Modeling the Swing - Cochran & Stobbs

Dave Tutelman  --  January 16, 2012

Why We Need a Model of the Swing

I was intending at some point to write an article on the value of physics to golf. Cochran & Stobbs' chapter 2 does a fine job saying most of what needs saying. I have added just a bit here, giving a 2012 view of scientific modeling on top of C&S's original 1968 treatise.
Let me begin by excerpting/paraphrasing a few words from their book.

In science a model is a simple representation of something complicated or ill-understood. A scientist can actually build such a model of wood, plastic, metal, etc, then test it in detail to see how it works. More commonly, he can just describe his model mathematically, and work out on paper all he wants to find out about its behavior.

What a wonderful, simple, elegant statement! It captures the essence of a physical/mathematical model in so few words. The model's value is that it can be analyzed and characterized, even if the complicated, ill-understood real world cannot. But, in order for the analysis to give useful results, a few more things must be true:
  • The model must actually faithfully represent the real world in its behavior. This usually means that each part of the model must correspond to a part of the reality it represents. "Correspond to" does not have to mean "look like"; they may look very different and still be a valid model.[1]
  • The result of analyzing the model must correspond to the real-world system's measured outputs. If it can't correctly predict what we can measure, the model cannot be trusted to predict anything else.
If the model can be trusted to give reasonable predictions, then its value is obvious. We can tweak the parameters (inputs) of the model, and see what happens to the outputs. For instance, if we had a valid model of the swing that includes the wrist cock at the top of the backswing, we can try different wrist cocks in the model to investigate how wrist cock affects things like ball speed and trajectory. It might be difficult to investigate the effect of wrist cock without a model. Go ahead and try to design a human-golfer experiment to answer that question. It is almost impossible, given that any one golfer might go to a less comfortable swing (and therefore less effective) if asked to try a different wrist cock than usual -- and that two different golfers with different natural wrist cocks have a lot of other differences between their swings, which would preclude attributing different results to wrist cock alone.

Note that the model does not have to represent perfectly all things about the real system. But it must represent the things that are important to the output. And therein lies the art and the difficulty of modeling the golf swing. The debates in current research center around things like whether both arms must be modeled in all their joints, or is a straight left arm sufficient? How about the left arm plus some additional motion attributable to a bulk summary of the right arm's effect? So far, nobody is criticizing any of the models for not representing individual fingers gripping the club, nor what color shirt the golfer is wearing. It is generally agreed that these attributes of the real system do not have an important effect on the interesting outputs -- so they do not need to be accounted for in the model.
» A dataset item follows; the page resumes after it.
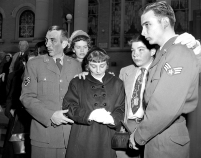 At funeral services at Wichita Falls was the family of 12-year-old cancer victim, Nancy Voss. Left to right are Nancy's father, Staff Sargeant Malcolm Voss; mother, and brothers, Bradford W. Voss and Sergeant Barry H. Voss, stationed at Colorado Springs, Colorado.

But why don't we include them anyway, just to make sure we are not leaving out anything important?

As we add features to the model, we put additional burdens on analyzing it. A few decades ago, this absolutely mandated keeping the model as simple as possible. But the abundance of computing power today weakens that argument. True, every variable added to the model is going to make it harder to program, and is going to make the program run longer. However, adding that variable is not likely to make the model difficult to the point of near-impossibility -- as was the case when Cochran & Stobbs first wrote their book.

But there is another reason to make every feature of the model "earn its keep". That isn't the mechanics of analysis, but the difficulty of understanding what the model is telling you. Every additional variable is something you have to take into account, tweak, and see what it does. And what it does may be affected by where the other variables are set. So you have yet another dimension, and you have to mentally assimilate and understand what that dimension is telling you. Consequence: In order for the model to provide understanding of the underlying reality, it has to be kept simple enough so the model itself can be understood, and manipulated in a sensible way.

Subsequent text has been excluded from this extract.